[DATA SHOWN — start]

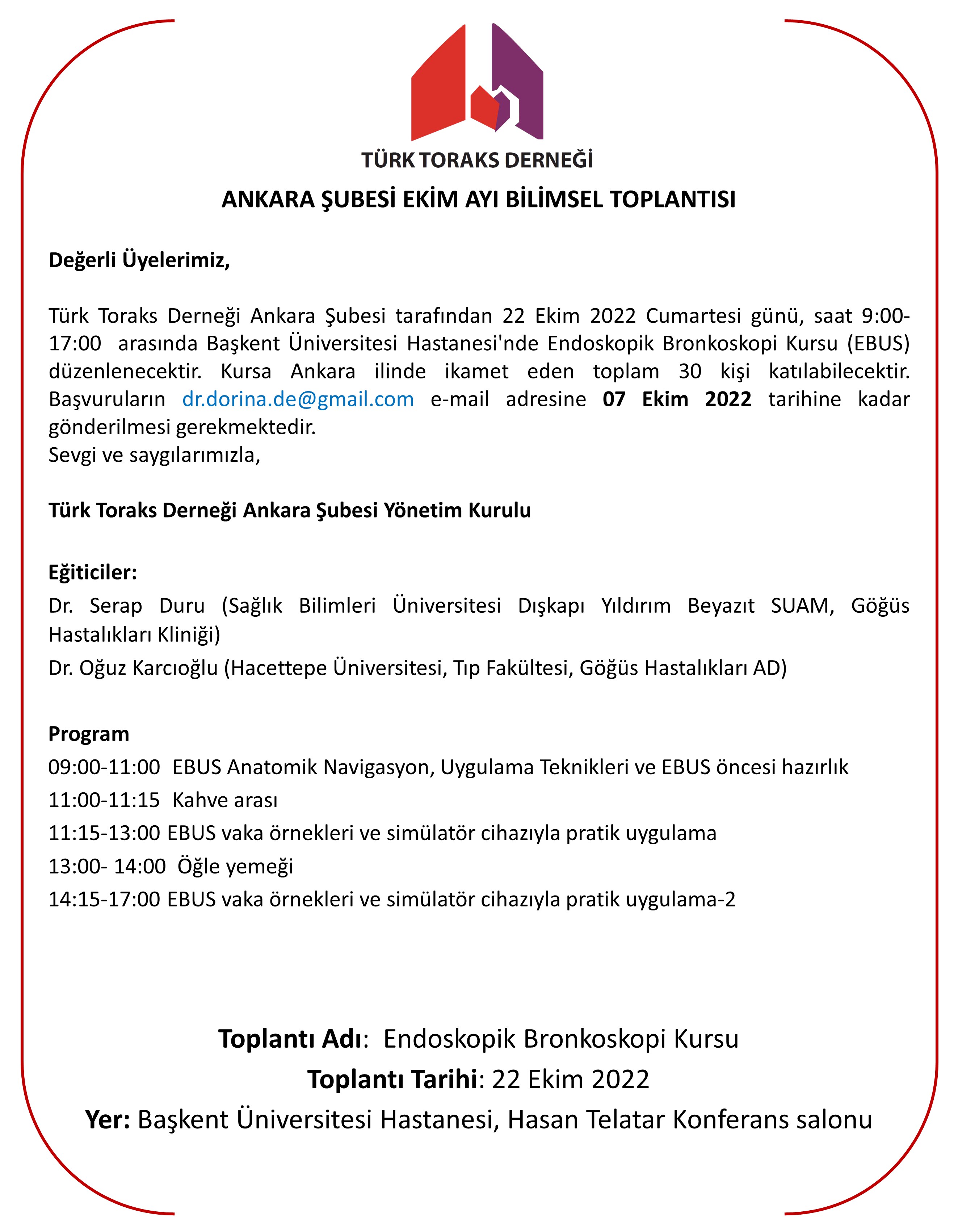 Türk Toraks Derneği Ankara Şubesi tarafından 22 Ekim 2022 Cumartesi günü, saat 9:00-17:00 arasında Başkent Üniversitesi Hastanesi'nde Endoskopik Bronkoskopi Kursu (EBUS) düzenlenecektir.
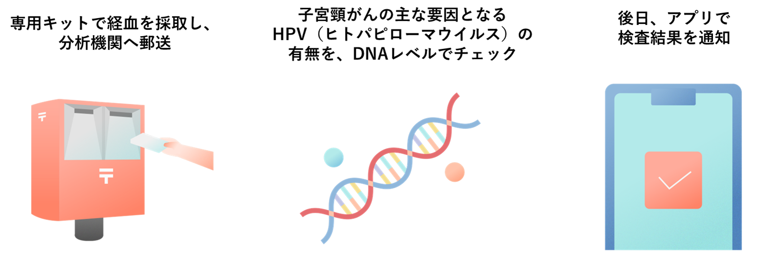 上記の流れにより、自宅にいながら簡単に婦人科疾患リスクに関する検査※2が行える専用キットです。
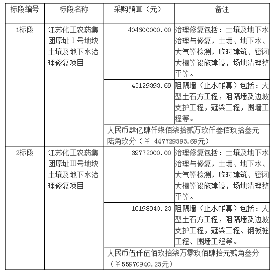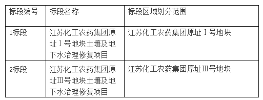 (1)本次招標(biāo)項(xiàng)目為江蘇化工農(nóng)藥集團(tuán)原址Ⅰ號(hào)、Ⅲ號(hào)地塊土壤及地下水治理修復(fù)項(xiàng)目共分2個(gè)標(biāo)段,分別為1標(biāo)段、2標(biāo)段。
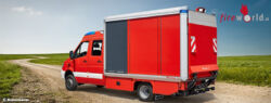 Der Rest der Ladefläche kann je nach Einsatz mit verschiedenen Modulen bzw. Rollcontainern beladen werden – und das bequem und schnell über die integrierte Hebebühne mit einer Hubkraft von einer Tonne. Diese lässt sich entweder per Hand von außen, per Fußbedienung oder über eine Kabelfernbedienung von innen steuern. In den Containern befindet sich die jeweilige Spezialausrüstung, die am Einsatzort benötigt wird. Die Ladefläche bietet genügend Platz, um bis zu drei Container bzw. Paletten zu transportieren. So kann man etwa bei Unwettern mit Starkregen rasch Sandsäcke zum Einsatzort bringen. Aber auch bei Arbeitseinsätzen stellt sich die Ladekapazität als äußerst praktisch heraus. Das gesamte Fahrzeug ist mit umfangreicher LED Beleuchtung versehen, unter anderem verfügt es über eine Nahumfeldbeleuchtung über die gesamte Aufbaulänge, welche auch als Rangierbeleuchtung verwendet werden kann.

[DATA SHOWN — finish]

WHAT NEEDS TO BE DONE |
The expected answer is the lines from the one that has "(1)本次招標(biāo)項" to the end of the listing, transcribed exactly, with pictures left out and no other line added.

TASK OUTPUT |
 (1)本次招標(biāo)項(xiàng)目為江蘇化工農(nóng)藥集團(tuán)原址Ⅰ號(hào)、Ⅲ號(hào)地塊土壤及地下水治理修復(fù)項(xiàng)目共分2個(gè)標(biāo)段,分別為1標(biāo)段、2標(biāo)段。
 Der Rest der Ladefläche kann je nach Einsatz mit verschiedenen Modulen bzw. Rollcontainern beladen werden – und das bequem und schnell über die integrierte Hebebühne mit einer Hubkraft von einer Tonne. Diese lässt sich entweder per Hand von außen, per Fußbedienung oder über eine Kabelfernbedienung von innen steuern. In den Containern befindet sich die jeweilige Spezialausrüstung, die am Einsatzort benötigt wird. Die Ladefläche bietet genügend Platz, um bis zu drei Container bzw. Paletten zu transportieren. So kann man etwa bei Unwettern mit Starkregen rasch Sandsäcke zum Einsatzort bringen. Aber auch bei Arbeitseinsätzen stellt sich die Ladekapazität als äußerst praktisch heraus. Das gesamte Fahrzeug ist mit umfangreicher LED Beleuchtung versehen, unter anderem verfügt es über eine Nahumfeldbeleuchtung über die gesamte Aufbaulänge, welche auch als Rangierbeleuchtung verwendet werden kann.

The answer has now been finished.